Yeah -- I don't buy the, "I work x hours a week," argument, either. I worked 30-40 hours a week as an undergrad and carried a full-time load -- and showed up to class (although my friends still remind me that I did sometimes nod off). We are not allowed (in WA state) to require attendance, but can grade on participation. My classes are structured to include a lot of primary source discussion, with attendant preparation for discussion. If a student chooses not to come to class, the student cannot do well. And yet, many still consider attendance optional. Of course, they also seem to consider the reading, tests, papers, etc. optional.

On another note, one argument that Jonathan Reynolds did not bring up is that, if a class has met the cap and there is a wait list, students who keep their places but don't attend are infringing on the rights and privileges of those students on the wait list who would. By loose extension, a student who chooses to attend a public institution and not fulfill his commitments and obligations may be taking the place of someone who was not accepted and might be a better student.


Brian Ulrich - 1/27/2005

I'm strict about attendance in discussion sections.

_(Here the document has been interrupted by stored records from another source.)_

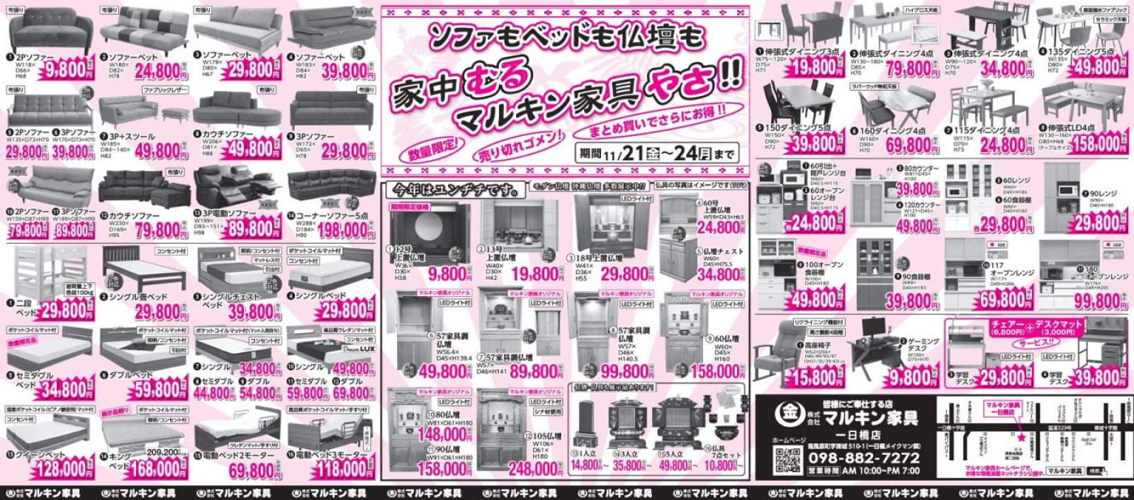 家中むる、マルキン家具やさSALE!(11/21~11/24)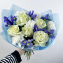 Букет из белых роз и синих ирисов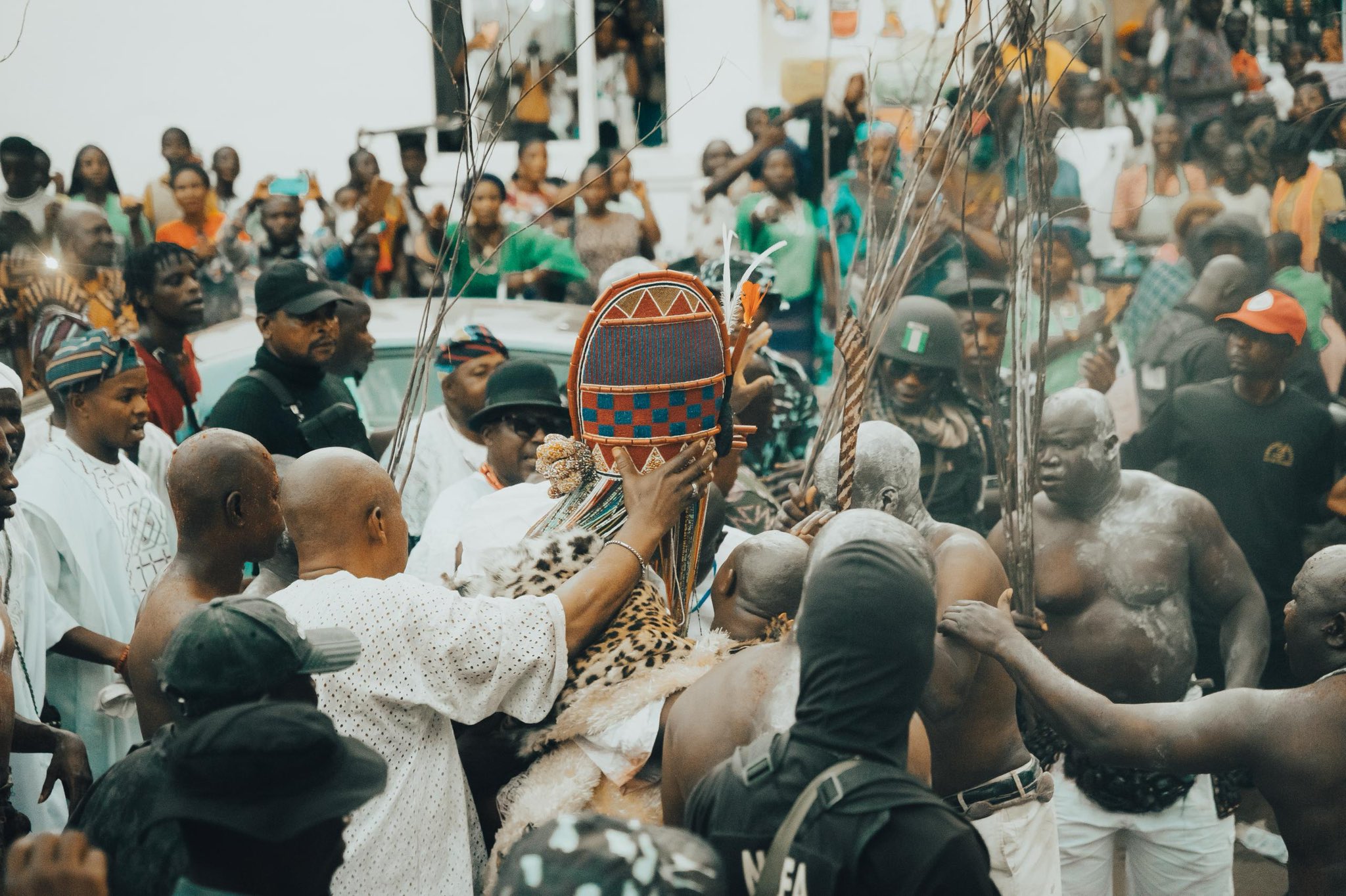This homage signals to all that the Ooni’s transformation from earthly king to spiritual intermediary is near. The atmosphere thickens with reverence and awe every chant, every footfall carries the weight of centuries.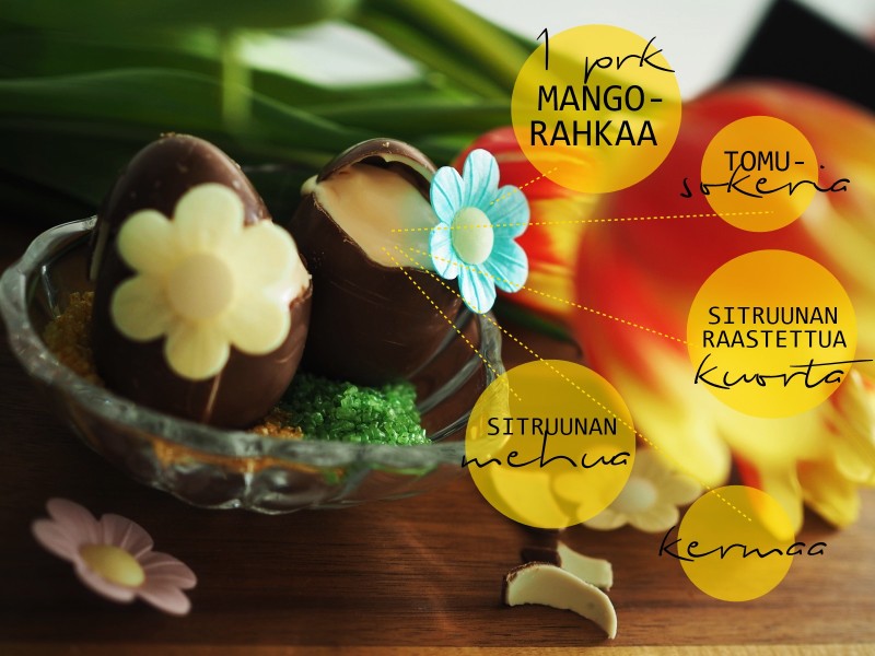 Pääsiäisherkun (tai vaikka ihan vaan arkisen torstaiherkun..) sisus valmistetaan vispaamalla ensin noin 1 ½ dl kermaa. Toisessa astiassa sekoitetaan yhteen purkillinen mangorahkaa ja sitruunan kuorta. Mukaan lisätään ½ dl tomusokeria ja 1 ½ rkl sitruunan mehua. Kerma ja rahkaseos yhdistetään ja sekoitetaan tasaiseksi mousseksi.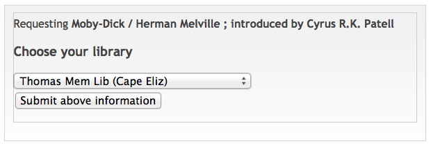 You will see a drop-down menu that prompts you to Choose Your Library. Scroll down to select Thomas Memorial Library, and click on Submit Above Information.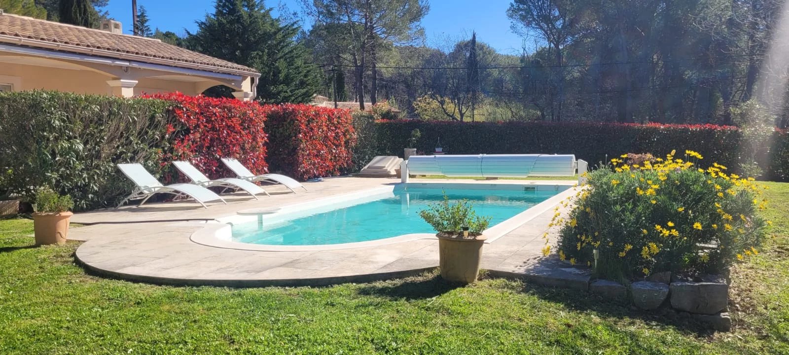 Un bel espace piscine avec plusieurs terrasses. Villa traversante lumineuse et fonctionnelle avec son plancher chauffant, sa climatisation réversible et son accès facile. Fosse septique aux normes.

The culture at UW does not really permit checking it at lectures, though what I cover there is different from the readings and you really need both to get high grades. (You could probably pass without one or the other.)

As a undergraduate, however, I often noticed that the classes where attendance was counted as part of the grade were usually those where the educational value of such attendance was the least. I remember one education requirement in particular where the "lectures" were just going through the textbook, but attendance was like 35% or something. By the same token a political science professor never bothered with attendance, but everyone usually came because it was the only way to understand anything.


Manan Ahmed - 1/27/2005

So, if on the first day of class, I distribute all the readings for the semester, the assignments and the final essay requirement, I can stop going to class to give those insubstantial lectures? Kids can read/reflect at home and hand me the assignment and that would be that?

Signing up for a class is a committment. I, as a teacher, commit to showing up every class and delivering a cogent lecture. You, as a student, commit to showing up every class and paying attention. I agree with Jonathan that I'd rather have them complain about strict attendance policy than fail the class.

Incidentally, I have rarely skipped a class (I cant even recall any examples) and I have been working full-time throughout my undergrad and grad school life.


Richard Henry Morgan - 1/27/2005

I think your position works sometimes, even most of the times.

I have a counterexample. I had an advanced math class where the professor failed you if you missed two classes. It met twice a week. With a half-hour commute, that made 5 hours a week devoted to classwork (commuted at night). Unfortunately, the classtime was worthless. I had a 96 average in the class, but I was consistently lost by a third of the way through the class period. I passed not based on classwork, but based on teaching myself from the book, on my own time, and doing four times the assigned homework. I would actually have saved myself a lot of time and grief if I hadn't gone to class. BTW, the professor was a hell of a nice guy, and an entertaining lecturer, he just didn't have a clue that 90% of the class was lost each week.